I am trying to add values from last 10 years in a separate column.

Original data starts from 2012 - 2021 and I am interested in creating a column that has sum of Sales from previous 10 years. So, for values corresponding to year 2021, we need to add values from 2011 - 2020 and because we don't have value for 2011, we can consider value from 2012. Similarly, for values corresponding to year 2020, we need to add values from 2010 - 2019 and because we don't have values for 2011 & 2010, we can consider value from 2012 for both 2011 & 2010 and so on.

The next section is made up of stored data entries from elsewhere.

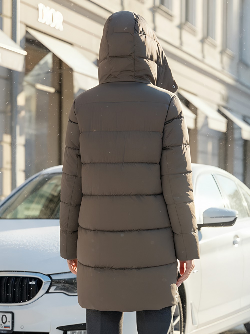 Эта модель выполнена в элегантном, офисном/школьном и повседневном стилях, идеально подходит для различных ситуаций. Декоративные элементы, такие как капюшон и молния, придают куртке современный вид. Доступна в пяти цветах: черный, темно-серый, бежевый, коричневый и светло-коричневый.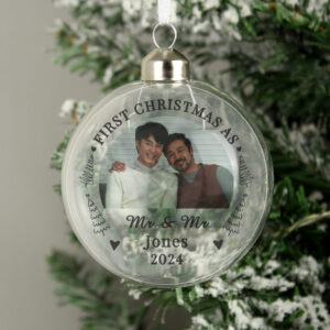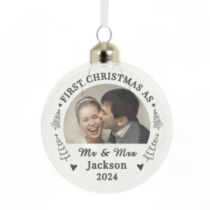 Personalised First Married Christmas Photo Upload Glass Bauble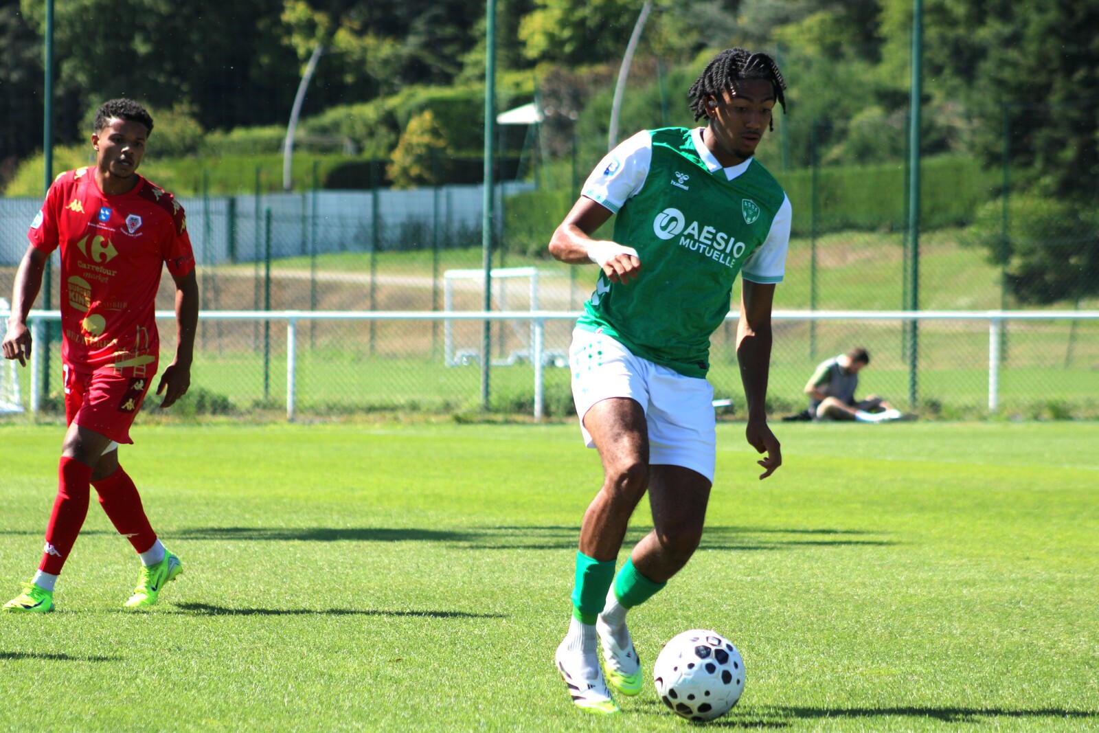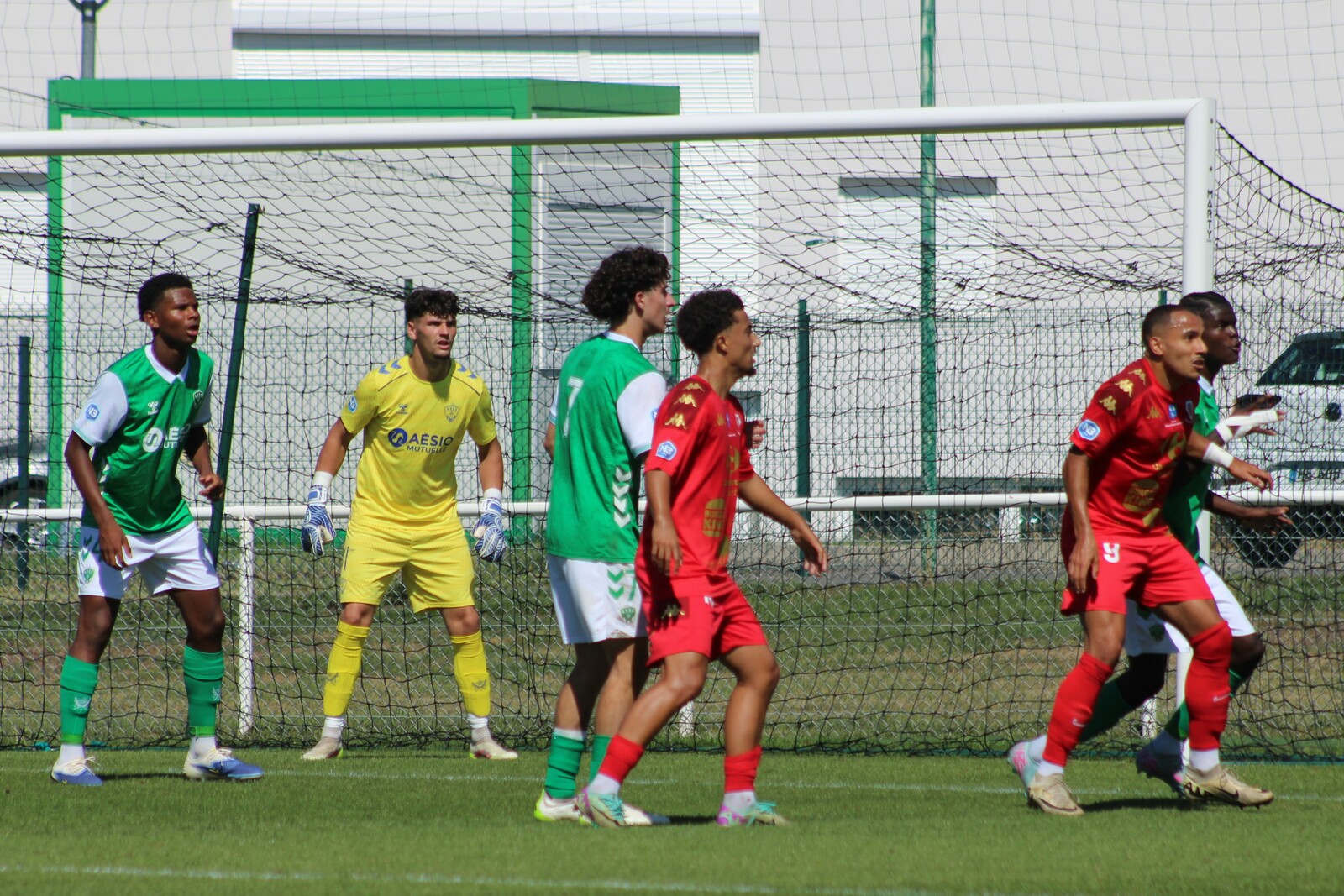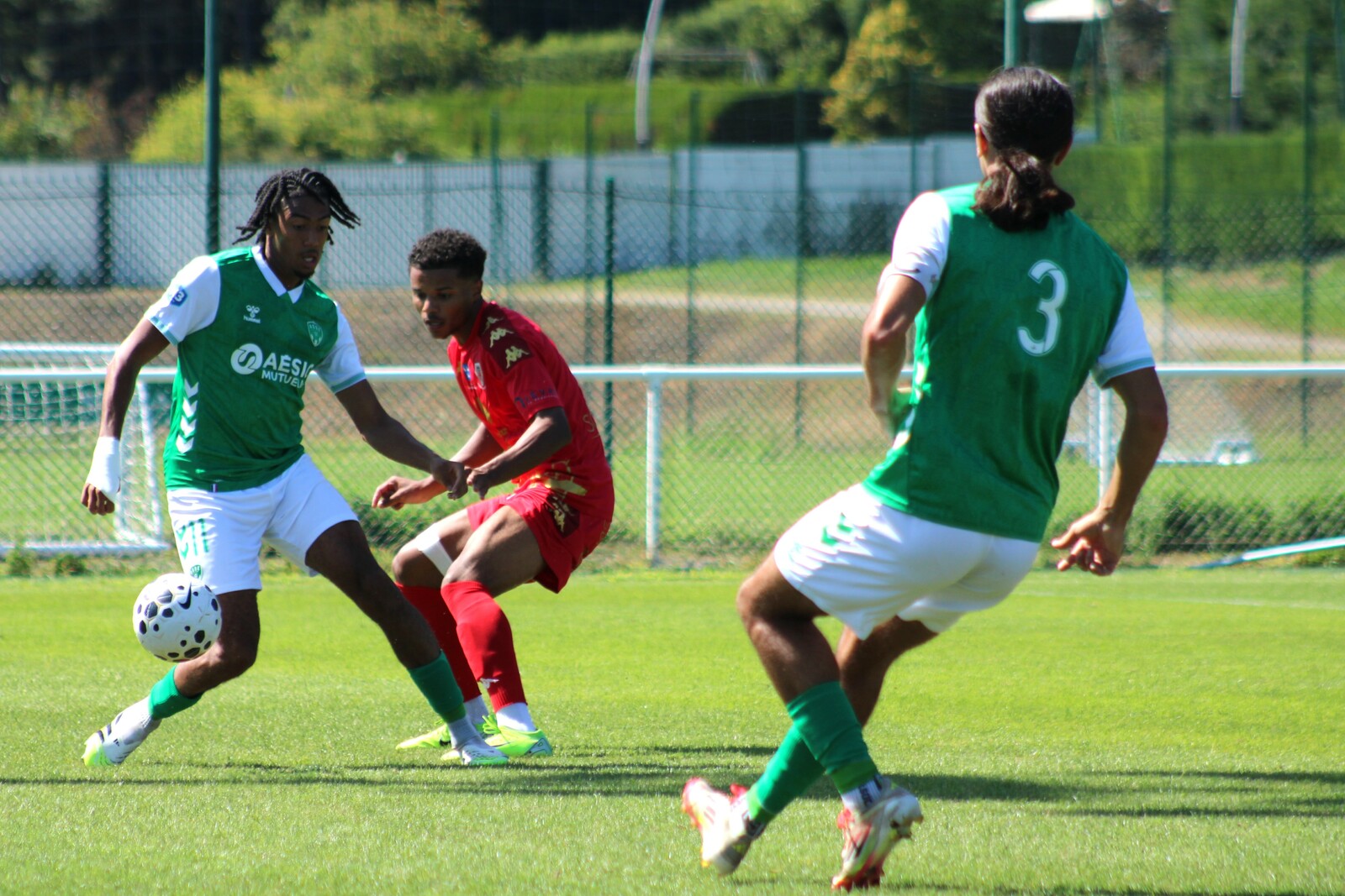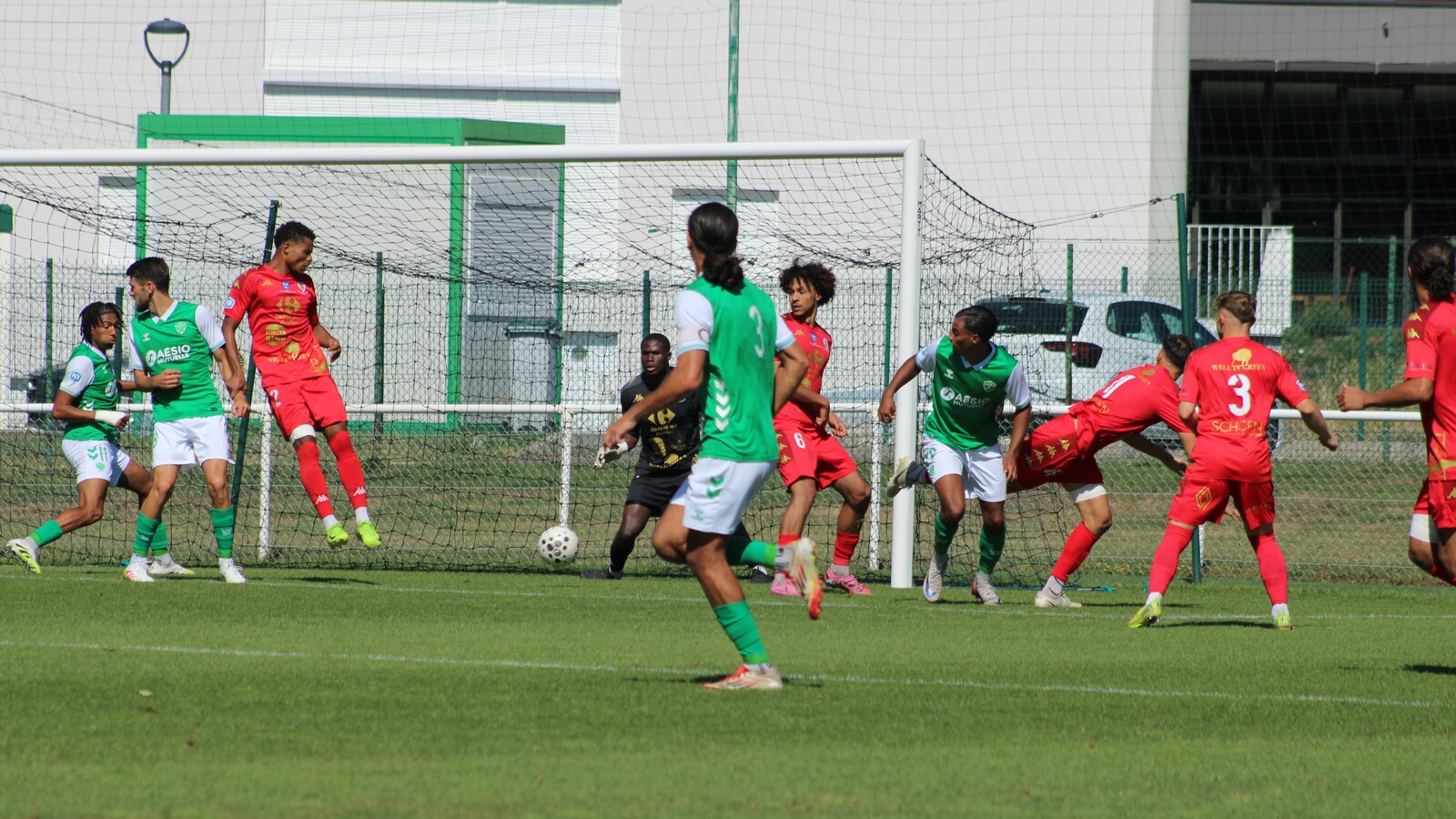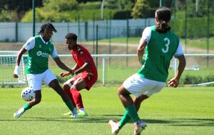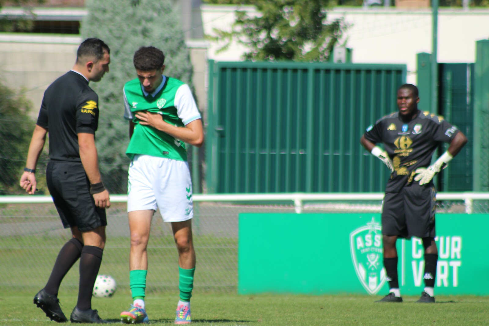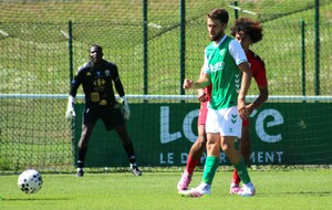 LA FICHE DU MATCH : L'Étrat (stade Aimé Jacquet) : arbitrage de M.Benkada (Haute-Loire). Buts pour St Étienne B : Jibril OTHMAN (3è), Maedine MAKHLOUFI (50è, 62è et 77è) ; pour Cosne, Mohamed MOUEFFEK (8è sur penalty). Avertissements à St Étienne : Mouton (45è), Cheikh (53è), Hornech (80è) ; à Cosne, Jeaunet (15è), Berthé (83è). St Étienne B : Noa DELACROIX, Strahinja STOJKOVIC (Ewan HORNECH, 62è), Mahedine MAKHLOUFI (cap), Axel DODOTE, Kevin PEDRO, Luan GADEGBEKU (Yanis MIMOUN, 62è), Valentin DEPALLE, Jules MOUTON, Jibril OTHMAN (Noah MOULIN, 78è), Nadir EL JAMALI (Medhy LUTIN-ZIDÉE, 67è), Issam CHEIKH. Cosne : DIAZAYAKANA Nsimba, ALIMAT-VIGNAT Alban, JEAUNET Steven, BENABED Faouzi, TOURÉ Abdel (cap), VANNIER Nicolas, DUARTE James (ONGADIA Junior, 67è), LECOMTE Kolya, ADOUL Luc (BERTHÉ Mattéo, 67è), KALOZAFY Mathis (DIAWARA Elhadji, 77è), MOUEFFEK Mohamed (SOUCHET Léo, 90è). |

For this example, we can add values from previous 3 years Sales and fill in the empty values with the earliest years as above. So, for 2021, the new value in new column should be sum of values from 2020, 2019 & 2018. For 2020, the new value should be sum of values from 2019 & 2018 & 2018. For 2019, the new value should be sum of values from 2018, 2018 & 2018. The same goes for 2018 as we don't have any previous values.

Any other logic to fill in the gaps for years missing is very much welcome. The goal here is to be able to collect last 10 years' worth sales to be used for some other calculations.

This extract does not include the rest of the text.